そもそも、身近で新生児に接したことがある人は少ないのです。感染の危険もあるので、新生児の赤ちゃんは産院から家に直接向かいます。一般の生活圏には出現しません。レアポケモンよりレアなのです。

だから、物心ついたときから新生児を見たことがないという人は多いのです。みなさんはどうですか?3ヶ月未満の赤ちゃん、最近だっこしましたか?経験が少ないため、抱っこしようとしても、どうしていいかわからないという方も多いのです。もちろん産院などでレクチャーはあるわけですが、3ヶ月くらいまで首が座っていないのですよ。

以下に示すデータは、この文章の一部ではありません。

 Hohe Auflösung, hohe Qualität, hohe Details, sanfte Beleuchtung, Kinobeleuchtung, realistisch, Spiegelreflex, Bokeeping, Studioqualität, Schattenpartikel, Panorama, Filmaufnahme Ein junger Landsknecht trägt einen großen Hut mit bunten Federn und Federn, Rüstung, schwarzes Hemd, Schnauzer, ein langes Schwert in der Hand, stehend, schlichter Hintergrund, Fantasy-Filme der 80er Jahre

だっこしたら、くびがグラグラ!さらに、激しく揺さぶってしまうことにより、6ヶ月未満の赤ちゃんが脳障害を負う「ゆさぶされっこ症候群」も有名です。だから、一瞬たりとも揺れてはいけないのではないかと、フォークリフトの様な動きでしか赤ちゃんをだっこできない方もいるとか・・・・。

フォークリフトみたいなだっこしかできない大人が増えている?!(画像:Photo AC)

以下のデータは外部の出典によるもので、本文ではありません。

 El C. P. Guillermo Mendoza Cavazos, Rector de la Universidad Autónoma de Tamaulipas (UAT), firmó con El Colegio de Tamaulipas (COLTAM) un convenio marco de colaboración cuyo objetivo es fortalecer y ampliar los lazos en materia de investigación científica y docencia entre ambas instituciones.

そんな新生児をはじめて家に迎えた方が災害にあったら、それはもう大変です。はじめての外出は、1ヶ月検診と言われる産後最初の検診であることが多いのです。それまでは外出しない生活です。全く外出したことがなくても、津波、火事、土砂災害から避難しなければいけないのです。ご家族だけじゃなく、地域のみなさんも安全にどう連れて逃げるかアドバイスできる方は少ないかと思います。

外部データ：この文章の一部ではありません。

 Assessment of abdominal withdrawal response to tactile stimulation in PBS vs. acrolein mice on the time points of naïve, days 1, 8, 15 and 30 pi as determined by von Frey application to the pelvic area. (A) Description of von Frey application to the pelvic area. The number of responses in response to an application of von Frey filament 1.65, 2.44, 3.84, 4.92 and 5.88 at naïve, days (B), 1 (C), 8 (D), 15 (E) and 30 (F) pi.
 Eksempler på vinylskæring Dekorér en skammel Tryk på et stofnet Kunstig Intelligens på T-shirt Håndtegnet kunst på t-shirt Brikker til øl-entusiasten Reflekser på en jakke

そこで、2010年から一緒に講演をしている NPO法人だっことおんぶの研究所 では新生児連れはトートバックによる避難をおすすめしていました。

(画像:fricker)

横長で、頑丈なトートバックの底に、おむつや着替えをいれておいて底上げします。次に、赤ちゃん用のおくるみ(アフガン)で赤ちゃんをくるみます。くるむのは必須ではないのですが、赤ちゃんはまだ手足を自由に動かせないので、走ったりすると、手足がふにゃふにゃばらばらに動いてしまうのです。日常でもくるまれたりしていますから、いつものようにくるんであげます。モスリン素材などの柔らかくてふんわり生地が人気です。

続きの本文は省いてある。